• INSTRUCTIONS FOR THE TASK: Word for word, reproduce the listing that follows, excluding any pictures it contains.

PROVIDED DATA START

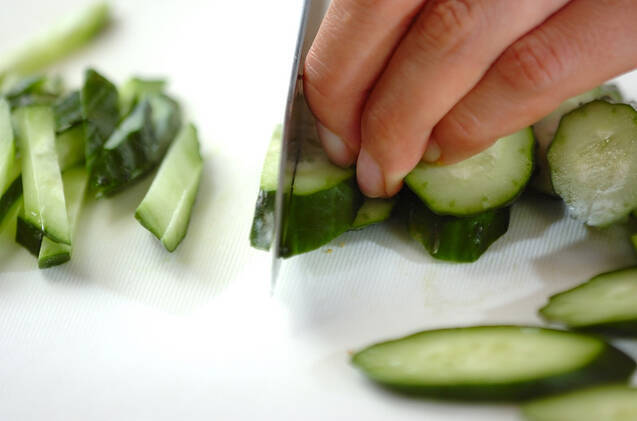キュウリは両端を切り落とし、斜め切りにしてさらに太めのせん切りにし、塩少々で軽くもむ。
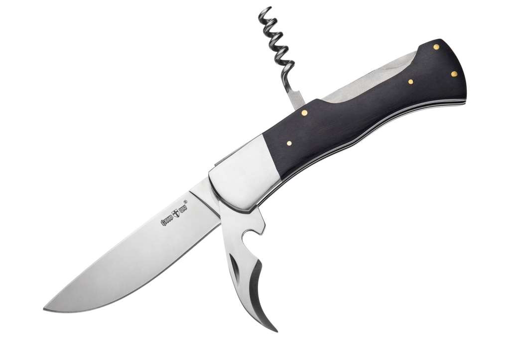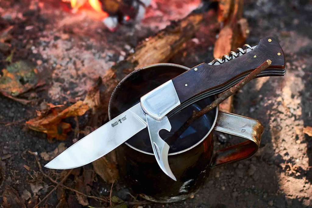 Помимо своей основной функции, нож может выполнять функции консервного ножа и штопора. Рукоять ножа выполнена с применением деревянных и стальных накладок. Древесина прошла специальную обработку, устойчива к влаге, гниению и вредителям. Темный палисандр великолепно сочетается с холодным блеском полированного клинка. Помимо этого, красивая деревянная рукоять несет и чисто функциональную нагрузку - зимой такая рукоять не холодит руки.
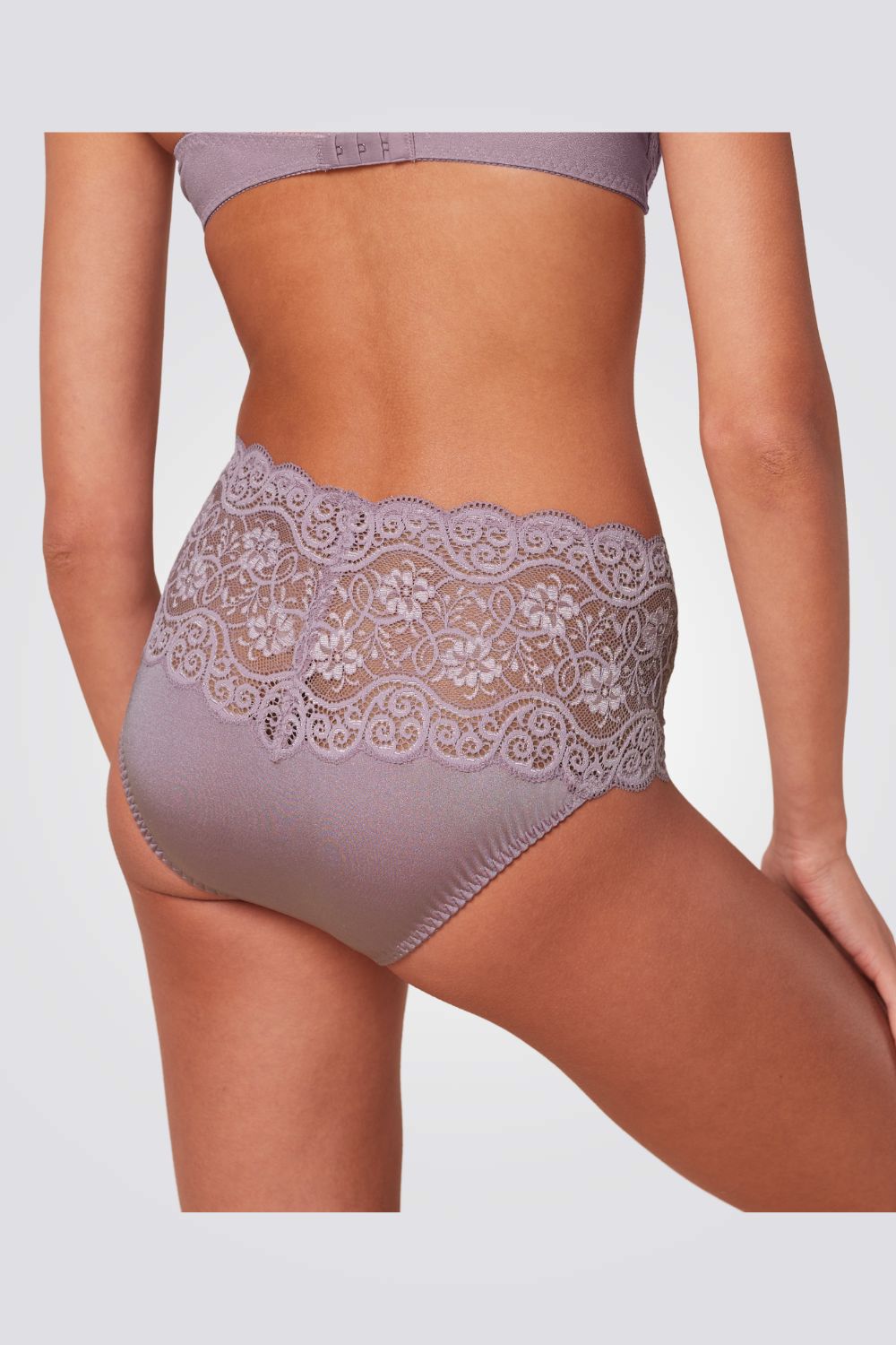 התחתונים בעלי עיטורי תחרה שקופה ופרחונית בצבע סגול
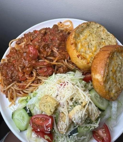 Hearty Spaghetti with Garden Salad & Garlic Bread

PROVIDED DATA END

• EXERCISE OUTPUT:
キュウリは両端を切り落とし、斜め切りにしてさらに太めのせん切りにし、塩少々で軽くもむ。
 Помимо своей основной функции, нож может выполнять функции консервного ножа и штопора. Рукоять ножа выполнена с применением деревянных и стальных накладок. Древесина прошла специальную обработку, устойчива к влаге, гниению и вредителям. Темный палисандр великолепно сочетается с холодным блеском полированного клинка. Помимо этого, красивая деревянная рукоять несет и чисто функциональную нагрузку - зимой такая рукоять не холодит руки.
 התחתונים בעלי עיטורי תחרה שקופה ופרחונית בצבע סגול
 Hearty Spaghetti with Garden Salad & Garlic Bread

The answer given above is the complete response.